WORK ORDER — For this exercise, write out only the lines of the entries below from the one with "Lazzzy Velvet Curtains" up to and including the one with "Кисти из хека", exactly as they are. Pictures stay out.

SOURCE DATA —
◇ ◇ ◇ ◇
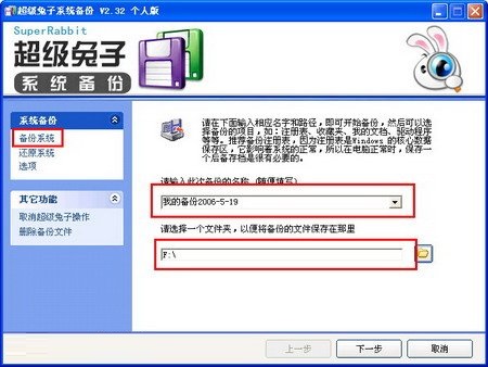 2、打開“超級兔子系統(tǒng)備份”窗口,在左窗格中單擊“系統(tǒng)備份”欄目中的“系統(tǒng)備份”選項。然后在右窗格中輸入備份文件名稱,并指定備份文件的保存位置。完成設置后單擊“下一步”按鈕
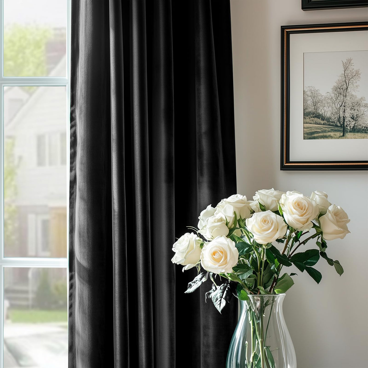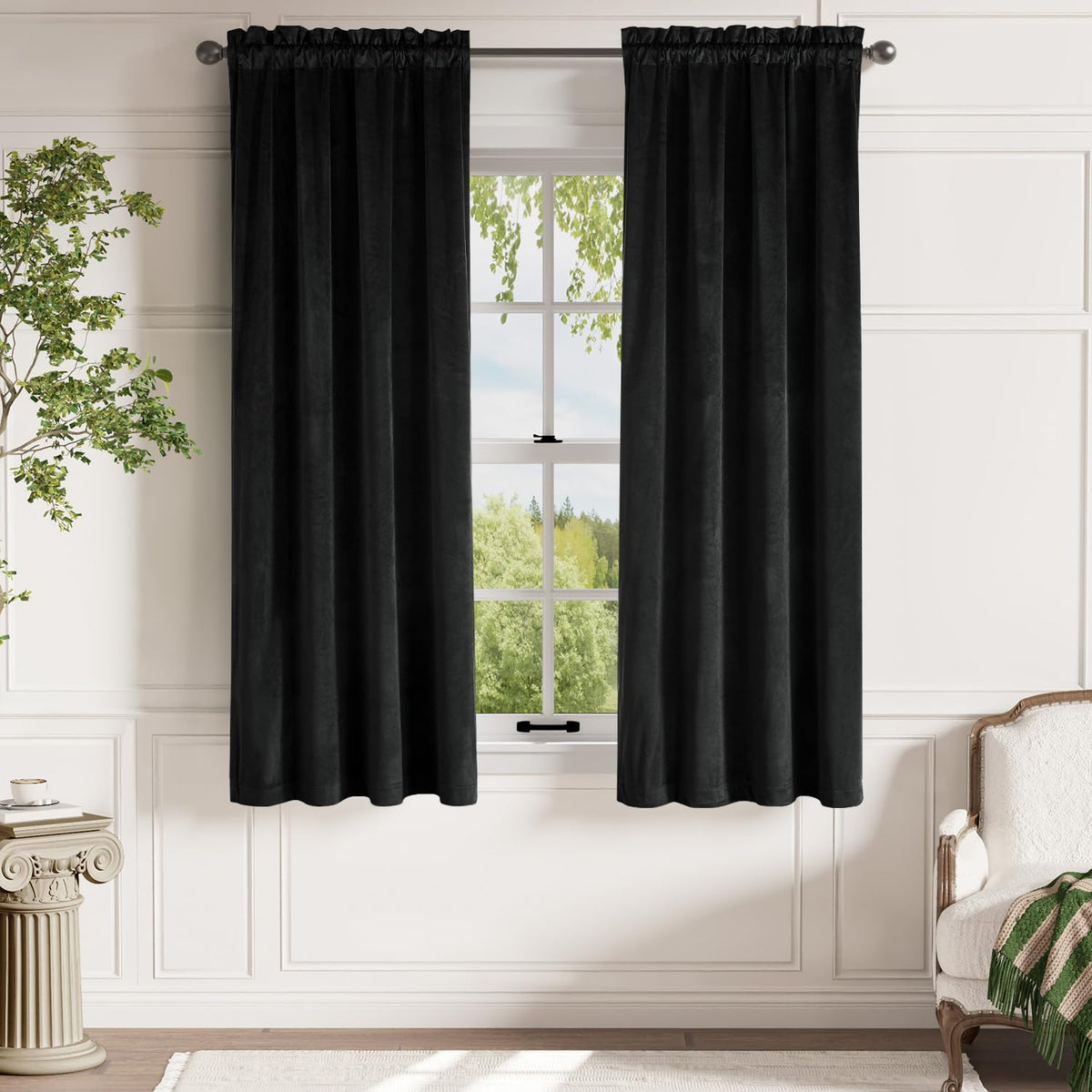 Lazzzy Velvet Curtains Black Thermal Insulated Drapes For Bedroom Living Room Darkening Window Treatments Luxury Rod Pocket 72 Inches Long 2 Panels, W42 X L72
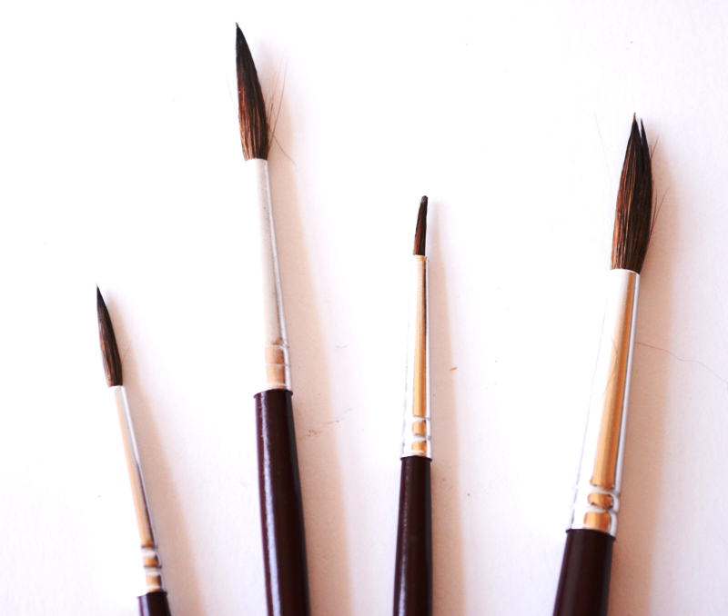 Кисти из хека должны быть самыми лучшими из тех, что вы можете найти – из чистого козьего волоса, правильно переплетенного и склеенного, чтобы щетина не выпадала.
◇ ◇ ◇ ◇
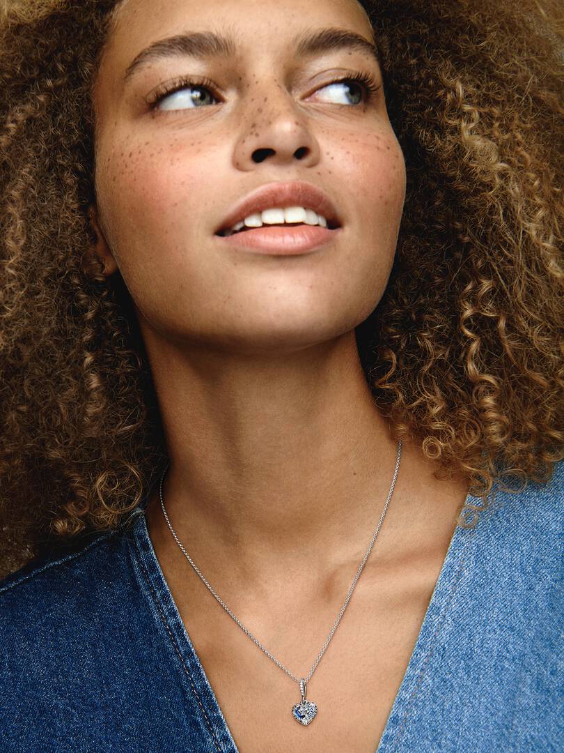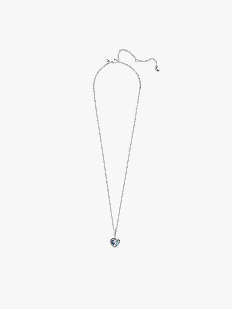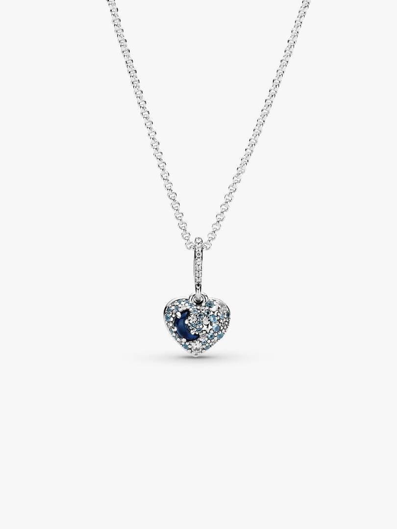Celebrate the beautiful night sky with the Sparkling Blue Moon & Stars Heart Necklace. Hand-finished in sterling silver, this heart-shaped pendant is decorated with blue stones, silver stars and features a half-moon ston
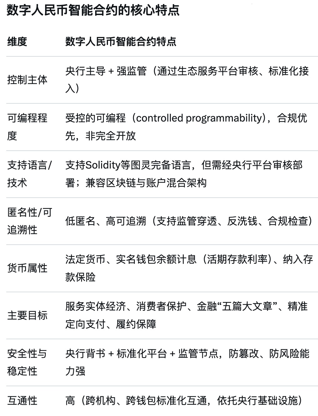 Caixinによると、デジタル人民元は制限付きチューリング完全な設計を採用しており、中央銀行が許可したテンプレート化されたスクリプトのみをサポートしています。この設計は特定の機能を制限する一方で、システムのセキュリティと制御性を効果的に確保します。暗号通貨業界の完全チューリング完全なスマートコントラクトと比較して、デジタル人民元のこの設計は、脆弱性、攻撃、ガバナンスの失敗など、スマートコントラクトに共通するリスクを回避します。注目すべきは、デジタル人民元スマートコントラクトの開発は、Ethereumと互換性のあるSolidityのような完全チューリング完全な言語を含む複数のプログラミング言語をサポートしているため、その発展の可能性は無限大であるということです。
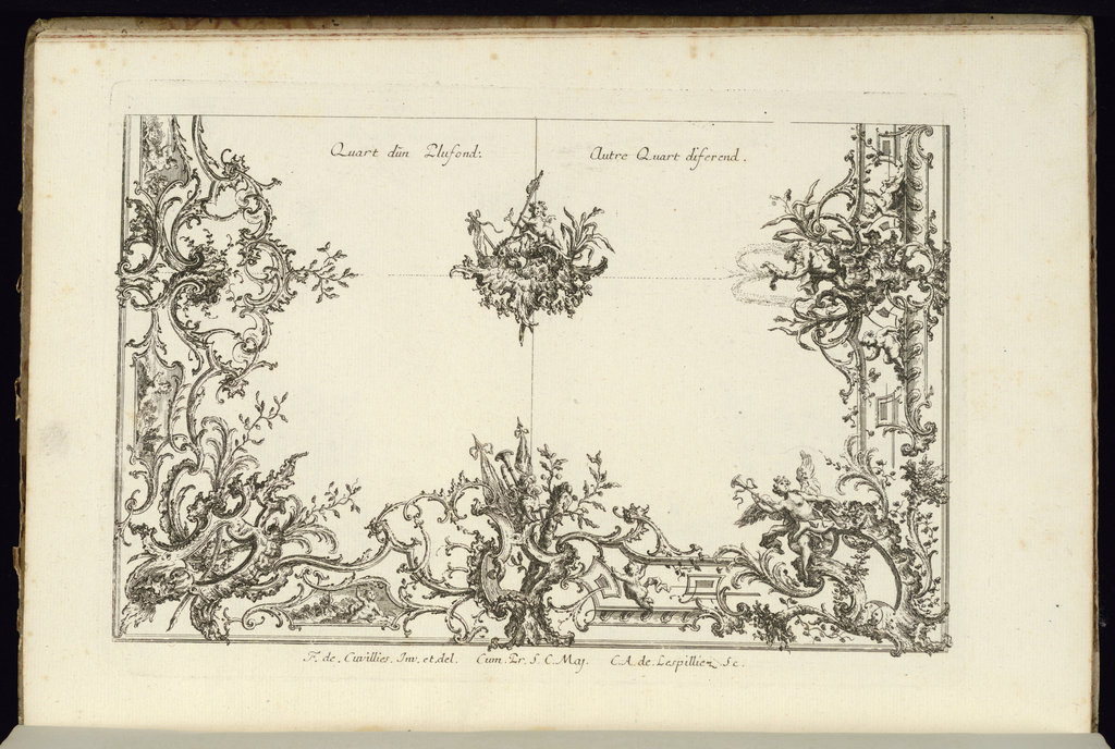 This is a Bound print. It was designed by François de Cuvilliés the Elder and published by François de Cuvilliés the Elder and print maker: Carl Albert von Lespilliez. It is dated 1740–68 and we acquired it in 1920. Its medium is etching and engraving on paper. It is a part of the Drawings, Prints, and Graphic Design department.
◇ ◇ ◇ ◇
ANSWER SPACE —
 Lazzzy Velvet Curtains Black Thermal Insulated Drapes For Bedroom Living Room Darkening Window Treatments Luxury Rod Pocket 72 Inches Long 2 Panels, W42 X L72
 Кисти из хека должны быть самыми лучшими из тех, что вы можете найти – из чистого козьего волоса, правильно переплетенного и склеенного, чтобы щетина не выпадала.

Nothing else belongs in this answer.